Jonathan thought it curious that the basement suites looked bigger than he remembered, and far less like a dungeon. The hallways were wide to accommodate the various food carts and cleaning apparatus that used to be shuttled from one service elevator to the next, and the sleeping quarters on either side were reminiscent of his dormitory days at William and Mary, twelve feet square with ten foot ceilings. Now these spaces were largely empty, except for a few that were stacked with junk that someone had deemed worth saving.

“Ven?” he called.

“Down here!”

He looked behind him to see Venice step into the hallway and beckon with one hand. In her other, she held a manila file folder. She looked five years older than she did two days ago. Her chocolate-colored skin had a slack, sallow look to it that spoke of too many tears shed over too short a time.
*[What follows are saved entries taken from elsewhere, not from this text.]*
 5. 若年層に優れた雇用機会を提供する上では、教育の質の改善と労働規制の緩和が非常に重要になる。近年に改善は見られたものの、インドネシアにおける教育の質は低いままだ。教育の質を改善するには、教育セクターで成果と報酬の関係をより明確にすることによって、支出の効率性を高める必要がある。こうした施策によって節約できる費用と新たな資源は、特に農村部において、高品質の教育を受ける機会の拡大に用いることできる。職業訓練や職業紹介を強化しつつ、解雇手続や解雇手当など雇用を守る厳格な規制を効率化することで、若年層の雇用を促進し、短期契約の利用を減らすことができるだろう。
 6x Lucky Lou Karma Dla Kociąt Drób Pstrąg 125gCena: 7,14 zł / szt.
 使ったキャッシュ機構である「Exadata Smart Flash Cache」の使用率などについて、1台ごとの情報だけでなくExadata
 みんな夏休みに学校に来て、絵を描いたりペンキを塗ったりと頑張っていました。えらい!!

“Is Jeremy in there?” Jonathan asked as he closed the distance, nodding to the room Venice had just left.

She shook her head. “No, he’s in the rectory with Dom.”

“Is he okay?”

“Physically, he seems okay,” Venice said. “Dom had Doctor Hamilton come in to take a look at him.”

Jonathan felt a flare of anger. “I thought I told you-”
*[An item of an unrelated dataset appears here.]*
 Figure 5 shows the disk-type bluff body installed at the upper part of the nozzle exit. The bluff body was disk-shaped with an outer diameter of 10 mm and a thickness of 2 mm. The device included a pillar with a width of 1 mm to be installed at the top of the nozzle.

“Dom impressed on him the need for secrecy,” Venice said, heading off the exact objection that Jonathan was about to launch. “He’d been drugged, Dig. We had to have him looked at.”

She was right, of course, but at this juncture, the best way to keep Jeremy alive was to let everybody think he was still missing. Whoever had lost track of him the first time wanted him back badly enough to dispatch a team of killers. That kind of desire doesn’t go away just because it gets difficult to do.
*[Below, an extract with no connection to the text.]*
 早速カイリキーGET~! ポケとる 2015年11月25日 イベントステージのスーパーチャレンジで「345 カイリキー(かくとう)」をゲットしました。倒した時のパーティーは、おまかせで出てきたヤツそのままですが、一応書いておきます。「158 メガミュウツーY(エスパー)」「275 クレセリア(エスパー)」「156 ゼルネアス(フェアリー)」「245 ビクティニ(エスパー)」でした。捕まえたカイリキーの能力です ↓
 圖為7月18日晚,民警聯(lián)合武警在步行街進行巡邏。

“Just make sure that the word is limited to as few people as possible.”

“Does that include Doug Kramer or not?”

“Not just yet,” Jonathan said. “Let’s keep him out of the loop until we don’t have a choice. He’s busy enough handling this firestorm. How’s Mr. Stewart?”

Venice winced and shrugged with one shoulder. “They think he’ll come out of it okay, but they’re worried about his liver and spleen. Apparently the bullet did damage to both, and then when they punched him…” She stopped as her voice broke.

Jonathan didn’t need to hear the rest. The important part was that he’d survive. On a day when few things were going well, he’d take it. “And what about our new friends?”

“Of the two you shot, one is invisible. I can’t find any record at all. He’s like you-he never officially existed.”

Jonathan’s stomach tensed. In this day and age, everybody had a fingerprint on file somewhere-all except those whose fingerprints had been deliberately erased. To do that on every file was not easy. “What about the other one?”

“Sean O’Brian,” Venice said. “We only know that because he was fingerprinted as a child offender twenty years ago. That’s the only print on file, even though his juvie record shows that the judge pushed him to join the Marine Corps, which he did. That’s clearly documented in his criminal file.”

“Let me guess: the Marine Corps has no record.”

Venice nodded. “Databases never heard of him.”

Jonathan folded his arms and leaned against the wall. “So they were government agents,” he thought aloud. “Or civilian contractors working for them. That fits with what Jimmy Henry told us, too.” He briefly recapped the prisoner’s version of his role in the kidnapping.